His first professional acting job was with the Milwaukee Repertory Theatre in 1971. He did a full season there, and then moved to New York City. He had just finished filming Julia with Jane Fonda and Vanessa Redgrave in 1977 when he auditioned for Animal House, reading for the role of Otter, “which I liked because he gets the girls.”

Instead, director John Landis asked Metcalf if he knew how to ride a horse. Without missing a beat, Metcalf told him he was practically born on a horse, which, of course, was not true. “After I got the part I asked Landis if he thought Universal Pictures would spring for some riding lessons,” Metcalf says with a laugh.
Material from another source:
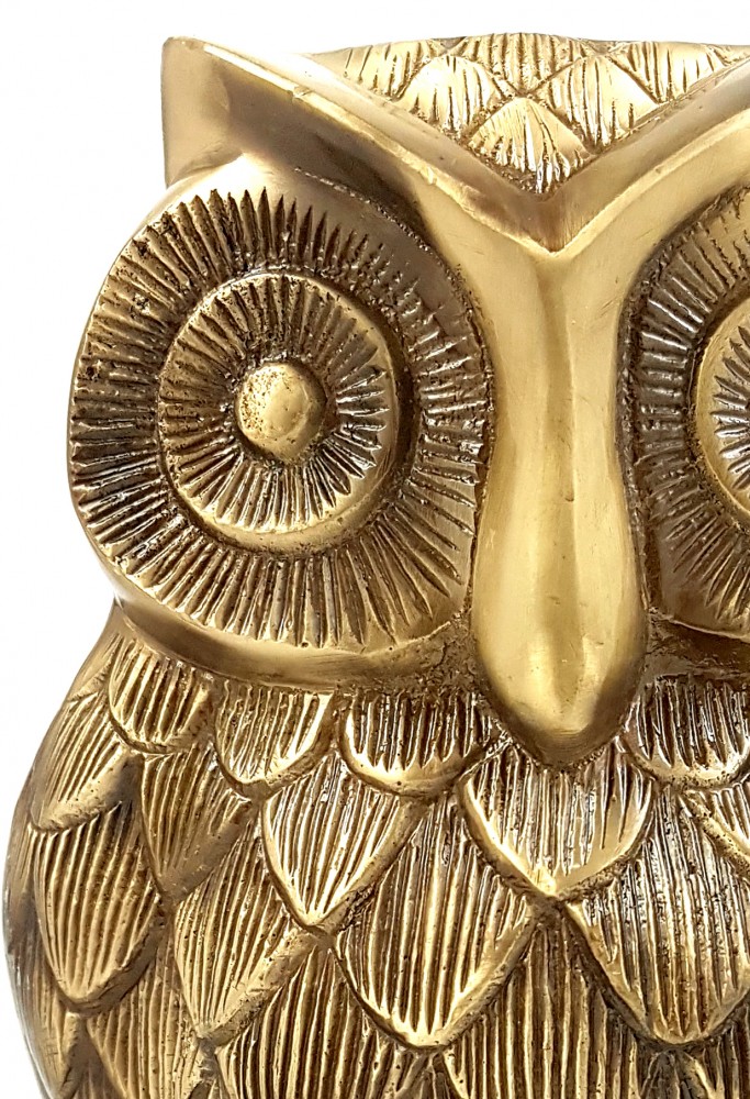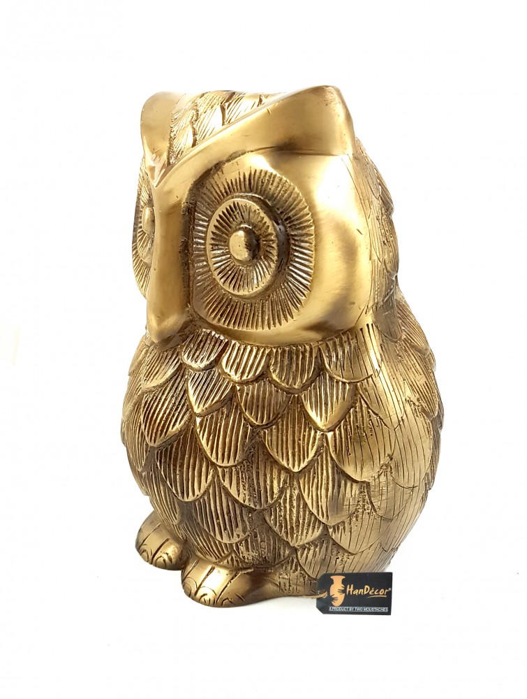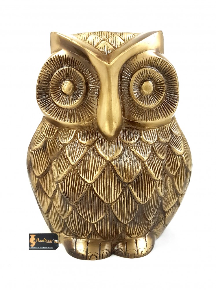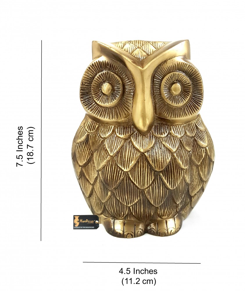 The brass sculpture of owl, the vehicle of Goddess Lakshmi is to elevate the sanctity of your home or work space. This unique art work of rich brass is handcrafted by skilled artisans using conventional techniques.

“It was a good, funny script,” he says. “When I found out the cast, and that we were shooting in Oregon, far away from Hollywood, I knew it was going to be fun. I had no idea 33 years later I’d still be talking about it. It was just a job.”

After Animal House, he did more stage acting around the country, acted in films, and produced a couple TV shows. In the 1990s, he had a few notable TV appearances as The Maestro on Seinfeld, the Master on Buffy the Vampire Slayer, and as Mr. Nitzke on cult favorite Teen Angel. He also starred in two Twisted Sister music videos as a Neidermeyer-like father whose question—“Whattya wanna do with your life?” —spoke to a legion of slackers and head-bangers.

These days, Metcalf resides in Milwaukee, Wisconsin, where he moved in 2000 with his then-wife, a native, to raise their son away from Los Angeles. He has carved out an almost Jeff Daniels-like existence in Wisconsin: living in the Midwest, still dabbling in Hollywood when called, but devoting a lot of time promoting the local arts. He works with young filmmakers on mostly low-budget slasher films, has produced a series of short films written by local high school students, has acted in community theater productions, and blogs and records podcasts for an arts-centric website called Third Coast Digest. He is currently directing a production for the First Stage Children’s Theatre in Milwaukee, and serves on its advisory board.

He also makes occasional appearances at conventions to sign autographs for fans of his many roles, especially Neidermeyer. While Metcalf embraces his Neidermeyer alter ego now, it wasn’t always that way.

“There were times there when I did resent it,” he says. “I did think I typecast myself. There were times I kicked myself for reprising the role in the Twisted Sister videos. That typecast me even further. But after this amount of time I have to embrace it.”

As proof to how much he embraces it, he recently shot a promo of an upcoming episode ofCelebrity Wife Swap that features Twisted Sister lead singer Dee Snider. Metcalf tweaked his signature line from the videos, asking instead, “Whattya wanna do with your wife?”
Metcalf visits L.A. from time to time, but not to pursue jobs. He is happy with his life, and pleased that younger generations get a kick out of Neidermeyer.

“There are 12-year-old kids who know the lines better than I do,” he says. “They’re upset if I don’t spit on them when I ask about their pledge pin. I’m proud of it. It will outlive me.”